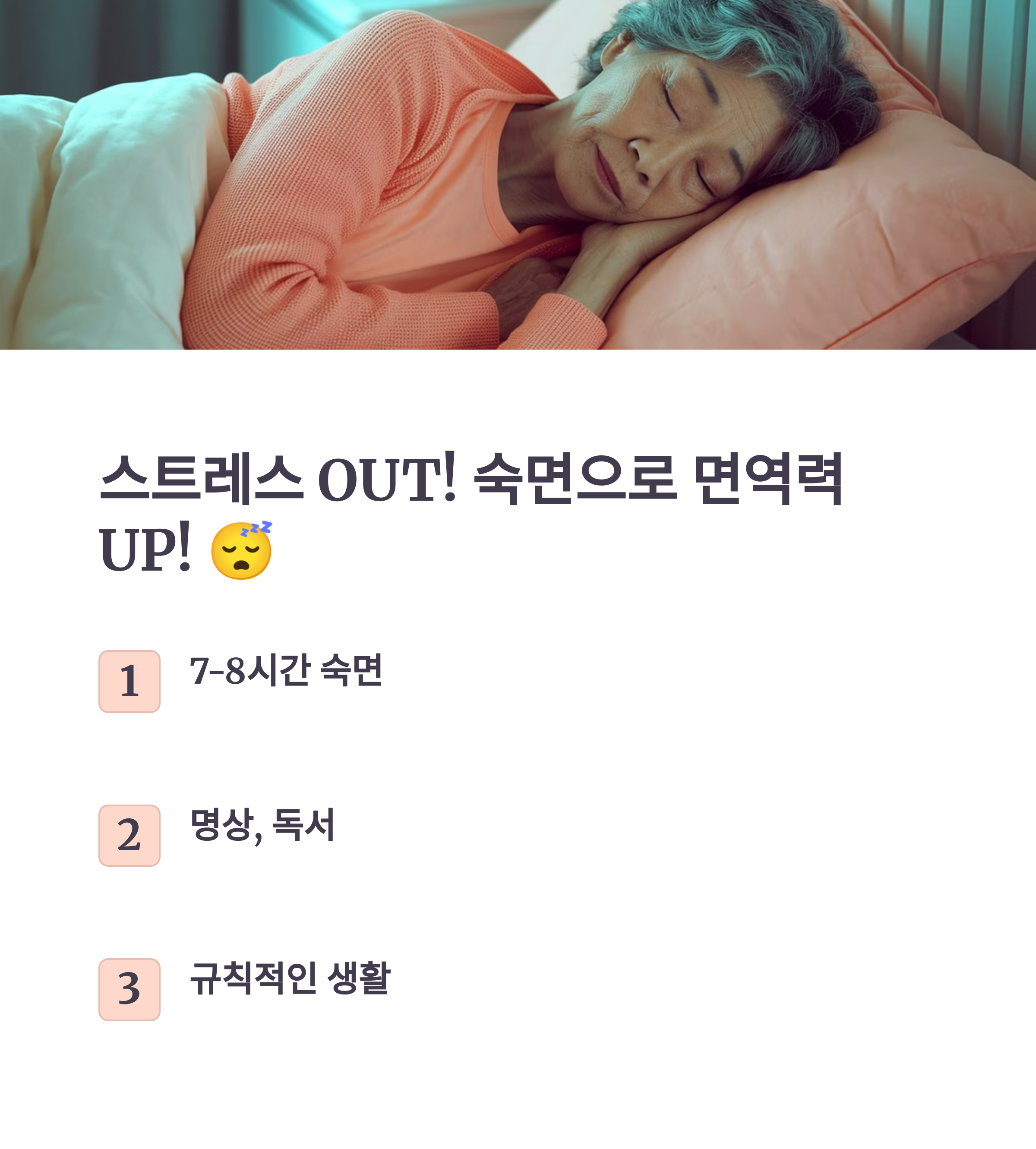 2. 충분한 수면: 어르신들은 종종 수면 부족을 겪기도 해요. 하루 7~8시간의 숙면을 취하도록 돕고, 낮잠을 통해 피로를 푸는 것도 좋아요.
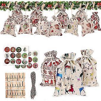 24 Christmas Calendar Bags Burlap Hanging Advent Calendar Garland Candy Gift Bag DIY Countdown
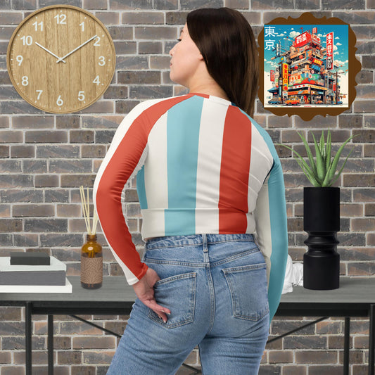 Blue Stripes Long-Sleeve Crop Top
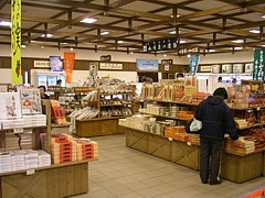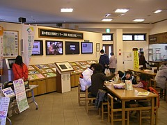 物販の営業時間中は軽食コーナーを兼ねた休憩施設が利用できる。休日は買い物客が多いが、ゆったりしたスペースだ。 | |
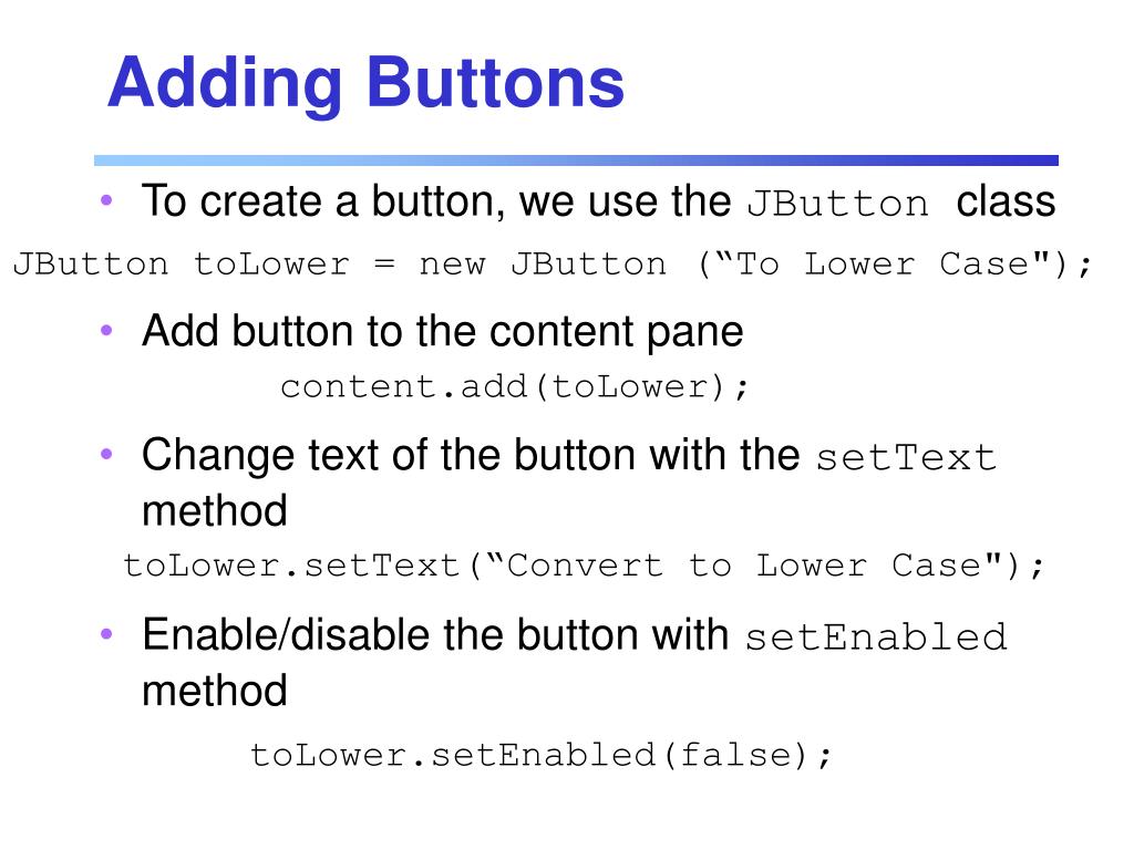 Adding Buttons • To create a button, we use the JButton class • Add button to the content pane • Change text of the button with the setText method • Enable/disable the button with setEnabled method JButton toLower = new JButton (“To Lower Case"); content.add(toLower); toLower.setText(“Convert to Lower Case"); toLower.setEnabled(false);
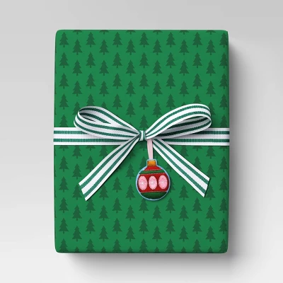 18′ Christmas Fabric Ribbon Grosgrain White/Green Stripes – Wondershop™
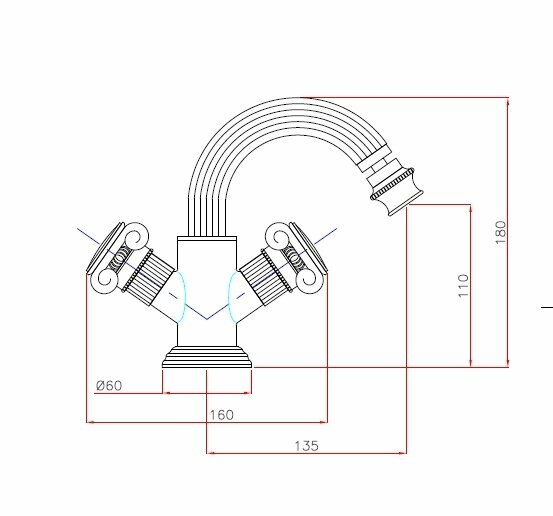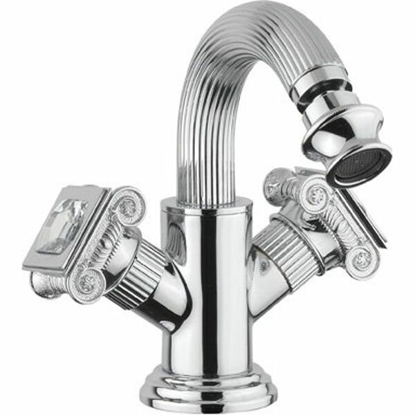 с донным клапаном. Артикул: OLIMP-BS2-01-Sw. Сочетает в себе инновационные технологии и продуманный до мелочей дизайн. Смеситель отличается изящным исполнением ручек и корпуса, напоминающих элементы античных колонн с плавными изгибами и скульптурными спиралями.

++++

__EXERCISE BRIEF__. The lines wanted run from the first one in the material above through the line containing "Adding Buttons •"; give them again exactly, leaving out the pictures.

__TASK RESPONSE__.
 2. 충분한 수면: 어르신들은 종종 수면 부족을 겪기도 해요. 하루 7~8시간의 숙면을 취하도록 돕고, 낮잠을 통해 피로를 푸는 것도 좋아요.
 24 Christmas Calendar Bags Burlap Hanging Advent Calendar Garland Candy Gift Bag DIY Countdown
 Blue Stripes Long-Sleeve Crop Top
 物販の営業時間中は軽食コーナーを兼ねた休憩施設が利用できる。休日は買い物客が多いが、ゆったりしたスペースだ。 | |
 Adding Buttons • To create a button, we use the JButton class • Add button to the content pane • Change text of the button with the setText method • Enable/disable the button with setEnabled method JButton toLower = new JButton (“To Lower Case"); content.add(toLower); toLower.setText(“Convert to Lower Case"); toLower.setEnabled(false);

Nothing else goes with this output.